Sari Halil Ibrahim, Huggins Anne Corinne
University of Florida, Gainesville, FL, USA.
Educ Psychol Meas. 2015 Aug;75(4):648-676. doi: 10.1177/0013164414549764. Epub 2014 Sep 12.
This study compares two methods of defining groups for the detection of differential item functioning (DIF): (a) pairwise comparisons and (b) composite group comparisons. We aim to emphasize and empirically support the notion that the choice of pairwise versus composite group definitions in DIF is a reflection of how one defines fairness in DIF studies. In this study, a simulation was conducted based on data from a 60-item ACT Mathematics test (ACT; Hanson & Béguin).
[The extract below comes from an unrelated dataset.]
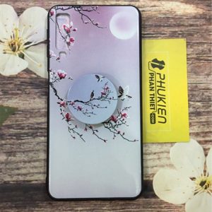Ốp lưng viền đen in hình hoa Kèm ring Samsung Galaxy A7 2018

The unsigned area measure method (Raju) was used as the DIF detection method. An application to operational data was also completed in the study, as well as a comparison of observed Type I error rates and false discovery rates across the two methods of defining groups. Results indicate that the amount of flagged DIF or interpretations about DIF in all conditions were not the same across the two methods, and there may be some benefits to using composite group approaches. The results are discussed in connection to differing definitions of fairness. Recommendations for practice are made.
本研究比较了两种用于检测项目功能差异(DIF)的分组定义方法:(a)两两比较和(b)综合组比较。我们旨在强调并通过实证支持这样一种观点,即在DIF研究中,两两比较与综合组定义的选择反映了人们对DIF研究中公平性的定义方式。在本研究中,基于一项有60道题目的美国大学入学考试(ACT)数学测试(ACT;汉森和贝甘)的数据进行了模拟。采用无符号面积测量法(拉朱)作为DIF检测方法。本研究还完成了对实际数据的应用,以及对两种分组定义方法的观察到的第一类错误率和错误发现率的比较。结果表明,在所有条件下,两种方法标记出的DIF数量或对DIF的解释并不相同,使用综合组方法可能有一些好处。结合公平性的不同定义对结果进行了讨论。并给出了实践建议。